L’homme d’affaires Patrice Talon a été accusé des crimes les plus graves par le président Boni Yayi. Pensez-vous, comme certains au palais présidentiel, qu’il est un candidat de la division ?
Je pense que c’est très, très important de jeter les vengeances à la rivière. Je pense que d’abord on n’est pas candidat contre un président dont le mandat s’achève. On est candidat contre d’autres candidats. Je pense qu’il faut éviter les clivages et les conflits d’intérêts. Quand on est un homme d’affaires impliqué dans les affaires et que ces affaires sont très centrales dans la vie du pays, il va falloir se dépouiller de quelques ambitions d’affaires pour éviter les conflits d’intérêts.

Vous êtes plus offensif contre Patrice Talon que contre d’autres. Est-ce à dire que ce sera peut-être votre principal challenger ?
Non, je ne suis pas du tout plus offensif ou plus agressif. Je ne suis agressif contre personne, je ne réponds à aucune attaque et ce ne sera pas une campagne de dénigrement. Mais je vous ai dit, en plus je ne peux pas cacher qu’il y a de mes amis parmi les candidats.

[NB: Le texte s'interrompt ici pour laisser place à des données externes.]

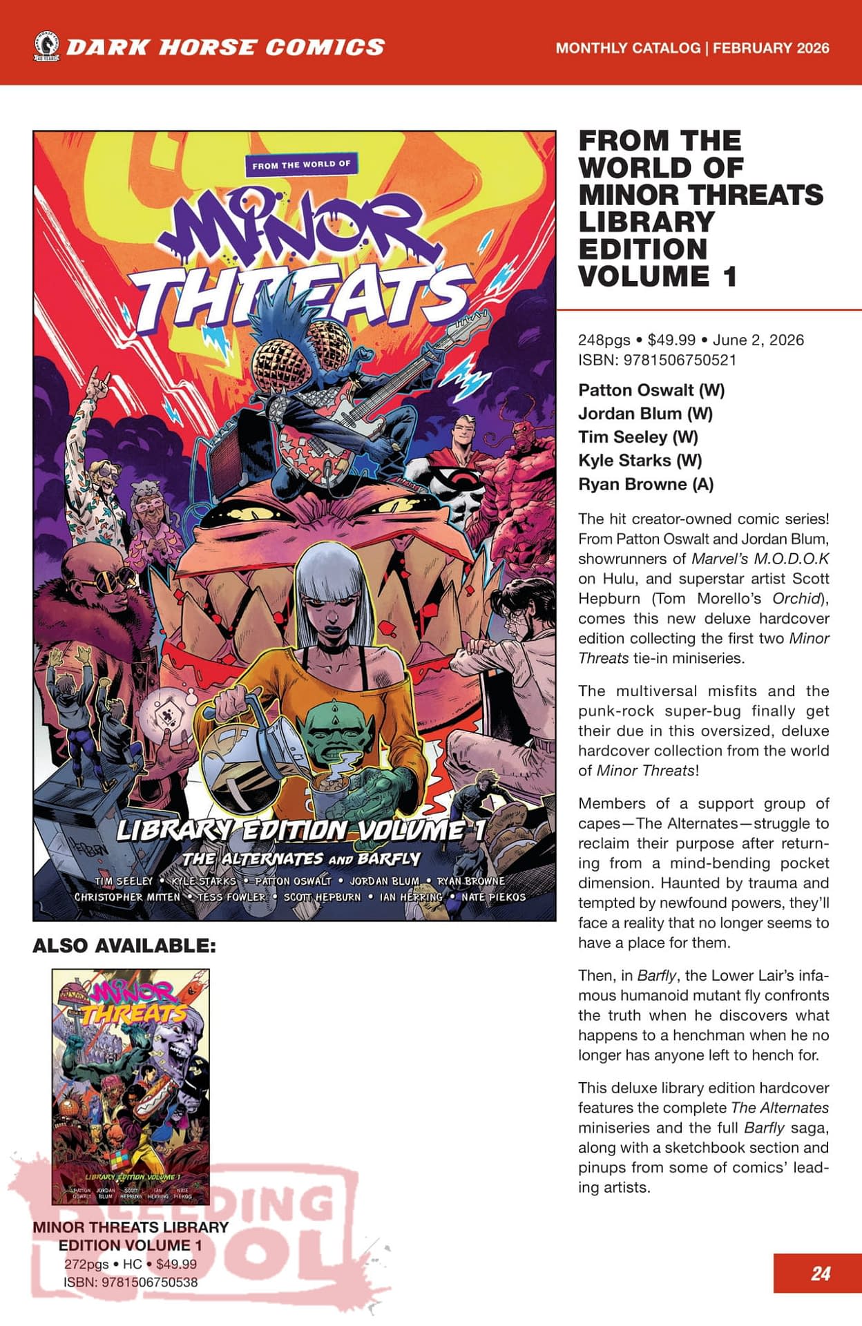 The hit creator-owned comic series! From Patton Oswalt and Jordan Blum, showrunners of Marvel's M.O.D.O.K on Hulu, and superstar artist Scott Hepburn (Tom Morello's Orchid), comes this new deluxe hardcover edition collecting the first two Minor Threats tie-in miniseries. The multiversal misfits and the punk-rock super-bug finally get their due in this oversized, deluxe hardcover collection from the world of Minor Threats! Members of a support group of capes—The Alternates—struggle to reclaim their purpose after returning from a mind-bending pocket dimension. Haunted by trauma and tempted by newfound powers, they'll face a reality that no longer seems to have a place for them. Then, in Barfly, the Lower Lair's infamous humanoid mutant fly confronts the truth when he discovers what happens to a henchman when he no longer has anyone left to hench for. This deluxe library edition hardcover features the complete The Alternates miniseries and the full Barfly saga, along with a sketchbook section and pinups from some of comics' leading artists. 248pgs • $49.99 • June 2, 2026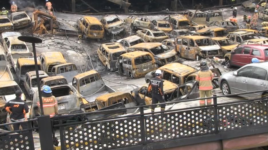 Pożar w koreańskim komisie pochłonął około 570 samochodów [WIDEO]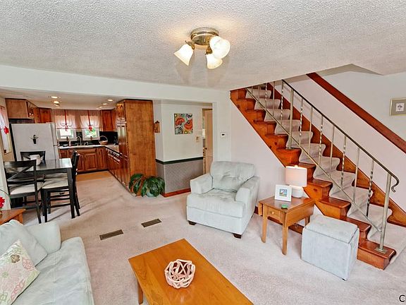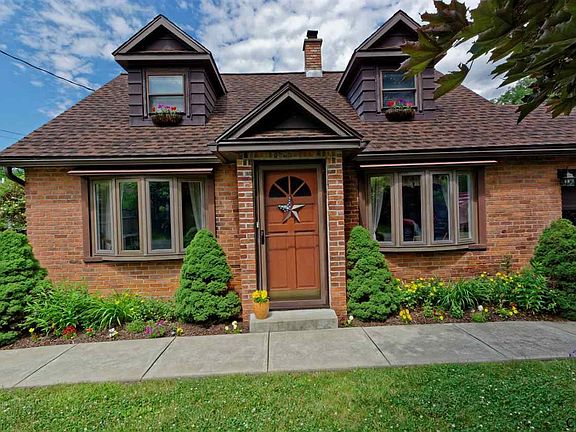 Ideal 4BR 1.5 bath solid brick cape situated on a park like setting landscaped lot w/ tons of welcoming perennials. Meticulously maintained to the highest standards. Extensive upgrades include many new windows, new roof '15, furnace & H20 tank '10. 2 BR's on 1st flr w/ built in shelving for those desiring character & warmth. HW flrs throughout. 40" cherry kitchen cab w/ dbl sink, & recessed lighting. Fin walk out bsmnt w/ rec rm area leads to a 2 tier deck w/ hot tub, arbor, & fenced yd. Walk to Blue Creek.
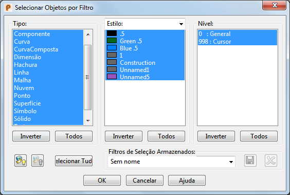 Modelos complexos podem ficar bagunçados, dificultando a seleção dos objetos com os quais você deseja trabalhar. Use o filtro de seleção para: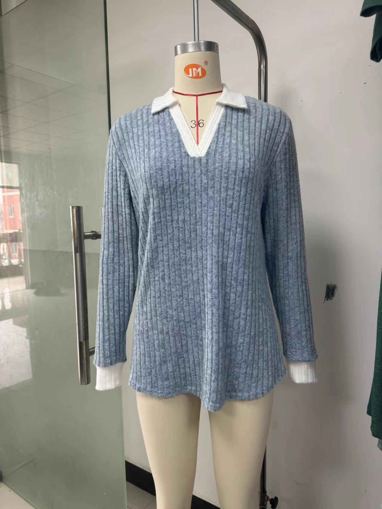 Главная страница > Amazon Европа и США трансграничная внешняя торговля 2024 осень и зима новые контрастные лацканы с длинными рукавами свободная футболка топ женский спот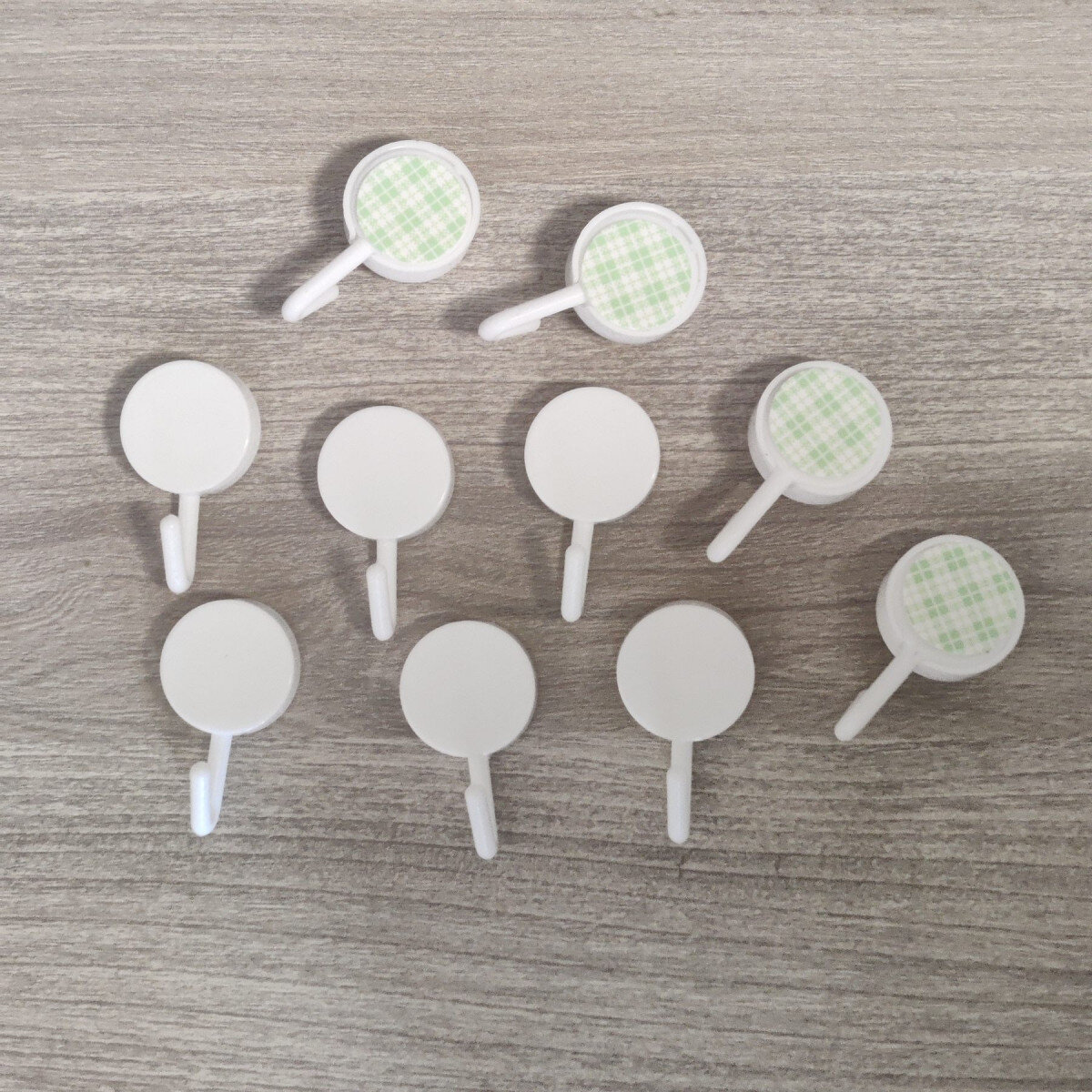 Гачки із пластику, клеяться до стіни на двосторонній скотч (у комплекті). Невеликі, стильні. Ціна вказана за 10 гачків.

Alors comme vous le dites, vous avez le teint clair et l’accent parisien. Qu’est-ce que vous répondez à ceux qui disent que vous êtes le candidat de la France ?
Mais c’est romanesque comme hypothèse ! C’est répandu dans un milieu qui est un microcosme, mais de façon intense, que la France avait joué un rôle dans ma nomination. Je l’ai démenti en disant « Non c’est faux ». C’est une polémique absurde. C’est juste factuellement faux. Je n’ai jamais rencontré au contact des populations cette question. Je la rencontre sur Internet. Mais les populations, vraiment, je n’ai jamais rencontré ça.

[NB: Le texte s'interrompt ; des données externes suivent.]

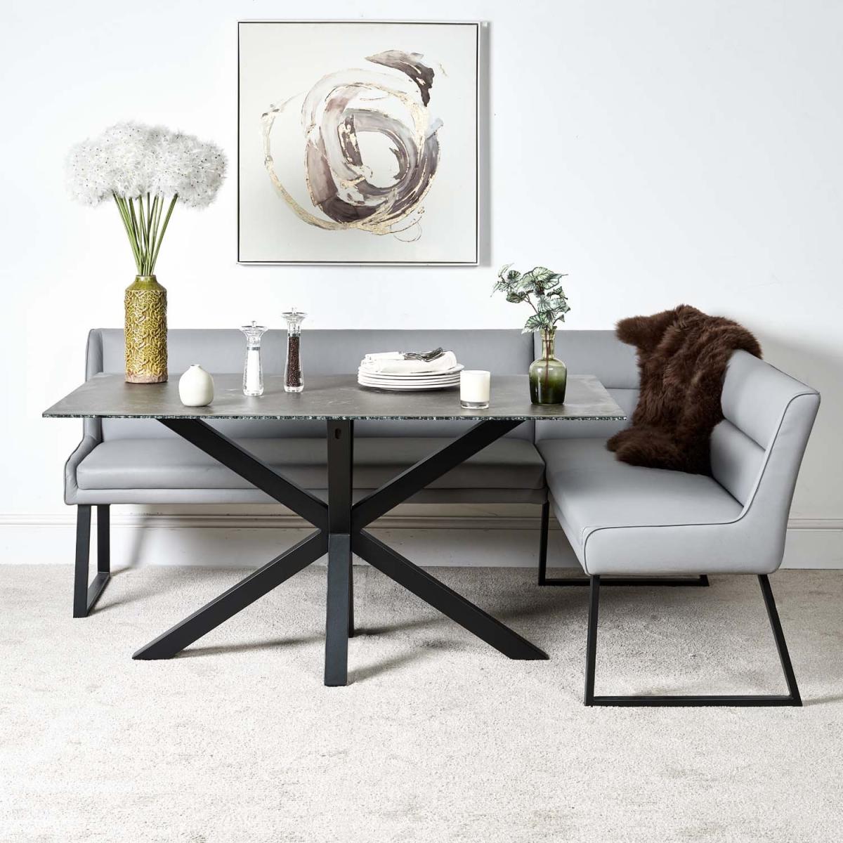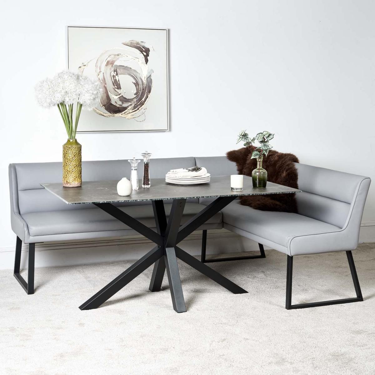 Eastcote Black 150cm Dining Table and Paulo Corner Bench LHF - Grey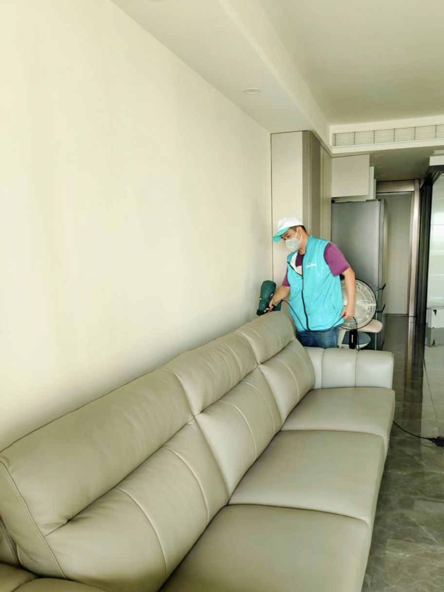 3.正式治理。工程师架好雾化机器,戴好面具、鞋套,倒入溶液,开始分区精细化治理。墙壁、窗帘、桌子、沙发、榻榻米️全部细致地喷涂我们的溶液。
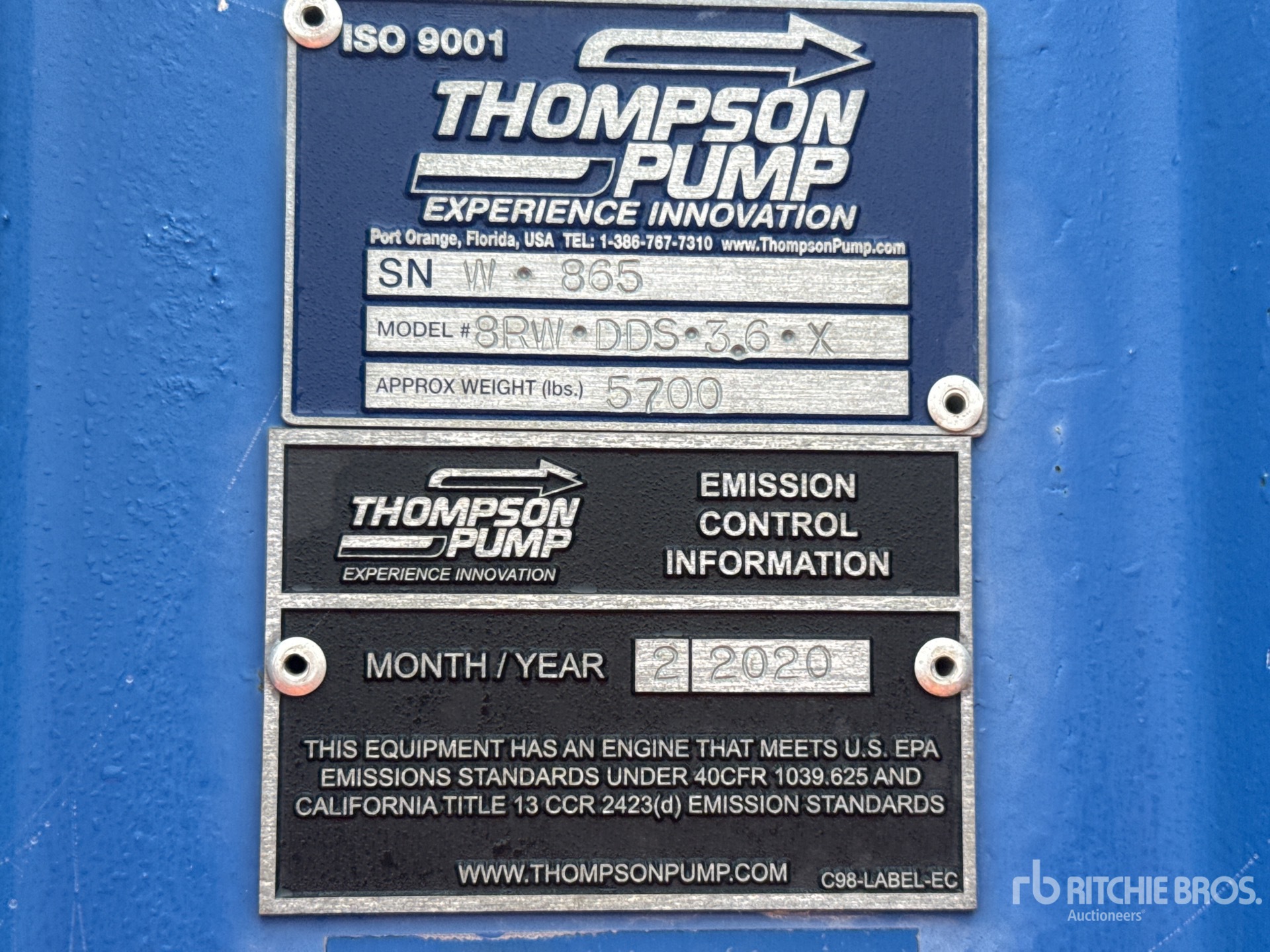8 in Intake, 8 in Discharge, Water Pump, 2019 US EPA Label, Deutz TD3.6L4 4 Cylinder 55.4 kW 3.6 L Diesel Engine

Simplement, il y a trente ans, vous étiez au cabinet du Premier ministre Laurent Fabius et depuis vous êtes restés très proches. Alors on imagine que le jour où le président Boni Yayi vous a proposé d’être son premier ministre, vous en avez parlé à votre ami le ministre français des Affaires étrangères, non ?
Oui, mais ça s’est fait dans cet ordre-là. C’est-à-dire que le président de la République m’a fait l’honneur et la surprise de me demander si je pouvais rejoindre le gouvernement. Laurent Fabius l’a appris par une rumeur une demi-heure avant que je lui téléphone pour lui signaler : « Je voudrais vous demander quelques conseils ». Tout ça était fait ! Ça s’est passé dans le bon ordre. C’est-à-dire que les autorités françaises ont été informées au moment où la chose allait être publique.

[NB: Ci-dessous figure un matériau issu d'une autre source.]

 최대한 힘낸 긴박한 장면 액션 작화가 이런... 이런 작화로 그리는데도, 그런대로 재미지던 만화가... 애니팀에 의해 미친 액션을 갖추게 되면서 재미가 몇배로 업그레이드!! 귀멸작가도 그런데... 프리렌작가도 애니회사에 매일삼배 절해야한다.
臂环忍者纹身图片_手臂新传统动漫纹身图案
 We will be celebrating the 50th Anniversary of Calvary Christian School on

Et quand vous en avez parlé à Laurent Fabius, il vous a conseillé de dire oui ?
C’est toujours émouvant pour un homme politique de voir un collaborateur d’il y a trente ans, qui est resté un ami, embrasser une carrière politique, alors qu’il sait très bien que ce n’était pas mon inclination. Mon inclination était vraiment vers l’entreprise privée. Et c’est toujours singulier pour un premier ministre de voir un de ses collaborateurs devenir premier ministre, même si c’est dans un autre pays.

Et si Laurent Fabius vous avait dit « Non, je te conseille de ne pas y aller » ?
Non, c’était fait. Ça m’aurait ennuyé qu’un de mes amis proches et qui a de l’expérience politique, qui me veut du bien, pense cela. Mais cela dit, je me suis évidemment ouvert à quelques intimes. Evidemment, qu’il y a des gens qui m’ont dit : « Il ne faut pas entrer en politique, ce n’est pas ce que tu sais faire ». Mais c’est une décision quand même extrêmement intime. Cela faisait une douzaine d’années que j’avais fait des choses comme créer une entreprise d’insertion qui a 200 salariés, créer une fondation et donc j’avais changé beaucoup dans mon appréhension des problèmes du Bénin. C’est-à-dire que je pensais qu’on pouvait faire bouger les lignes. C’est vraiment un pays où on peut faire bouger les choses. Donc tout ça – je vous le dis à vous pour la première fois, je n’en parle au fond jamais au Bénin – c’est une espèce de satisfaction profonde éprouvée depuis maintenant 12-15 ans et qui me persuade qu’on peut tout à fait faire des choses de très grande qualité au Bénin. Et ça, évidemment, ça m’a fait changer en matière de passage à l’action politique.